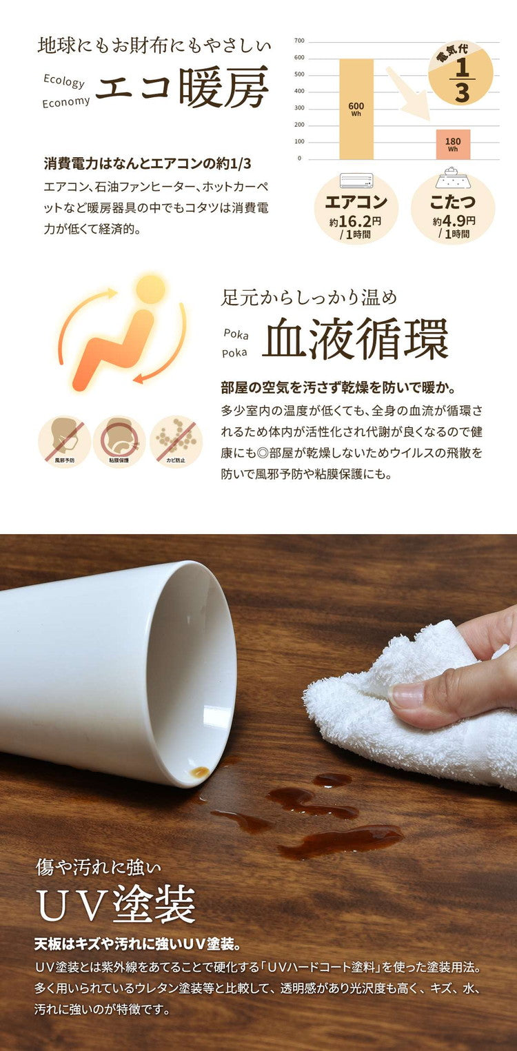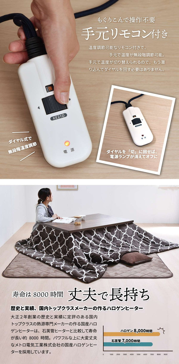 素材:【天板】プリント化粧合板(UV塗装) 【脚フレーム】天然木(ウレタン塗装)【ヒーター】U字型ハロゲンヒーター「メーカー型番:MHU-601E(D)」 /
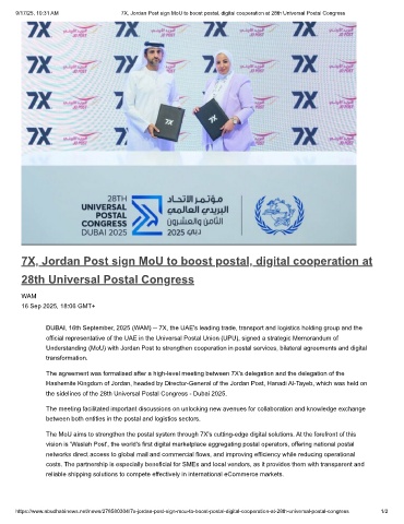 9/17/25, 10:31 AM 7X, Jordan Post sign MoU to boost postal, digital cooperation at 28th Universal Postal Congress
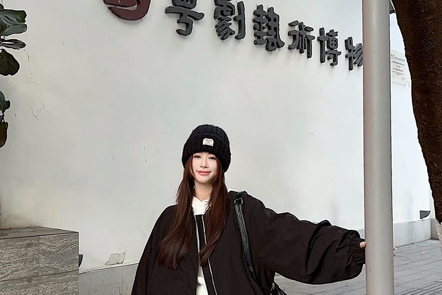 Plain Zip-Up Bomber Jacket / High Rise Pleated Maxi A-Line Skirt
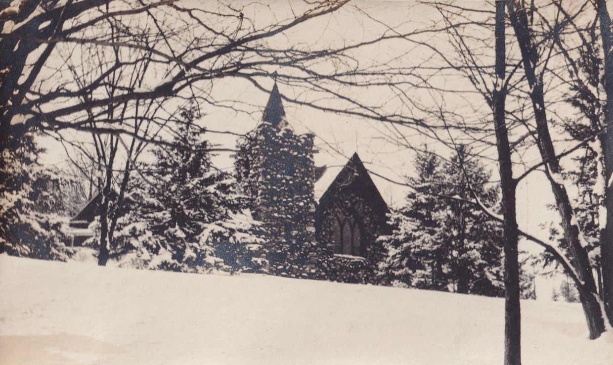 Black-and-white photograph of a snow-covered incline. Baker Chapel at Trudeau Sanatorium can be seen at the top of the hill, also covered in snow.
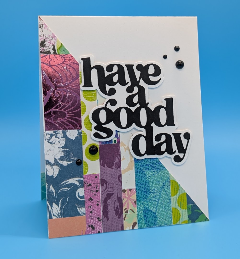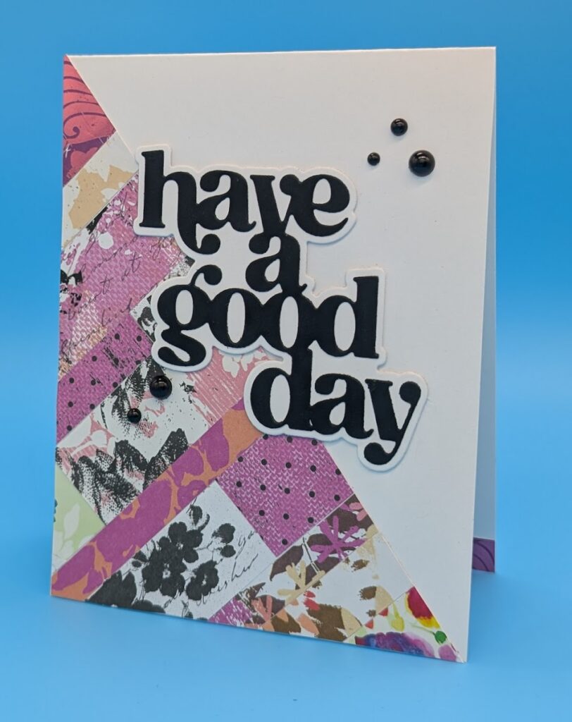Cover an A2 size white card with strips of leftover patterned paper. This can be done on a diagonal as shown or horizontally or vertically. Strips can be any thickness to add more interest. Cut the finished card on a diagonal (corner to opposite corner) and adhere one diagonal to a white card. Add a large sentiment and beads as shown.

**TASK INSTRUCTIONS**
The response consists of the data above printed line for line, with no pictures.

**ANSWER FOR THIS EXERCISE**
 素材:【天板】プリント化粧合板(UV塗装) 【脚フレーム】天然木(ウレタン塗装)【ヒーター】U字型ハロゲンヒーター「メーカー型番:MHU-601E(D)」 /
 9/17/25, 10:31 AM 7X, Jordan Post sign MoU to boost postal, digital cooperation at 28th Universal Postal Congress
 Plain Zip-Up Bomber Jacket / High Rise Pleated Maxi A-Line Skirt
 Black-and-white photograph of a snow-covered incline. Baker Chapel at Trudeau Sanatorium can be seen at the top of the hill, also covered in snow.
Cover an A2 size white card with strips of leftover patterned paper. This can be done on a diagonal as shown or horizontally or vertically. Strips can be any thickness to add more interest. Cut the finished card on a diagonal (corner to opposite corner) and adhere one diagonal to a white card. Add a large sentiment and beads as shown.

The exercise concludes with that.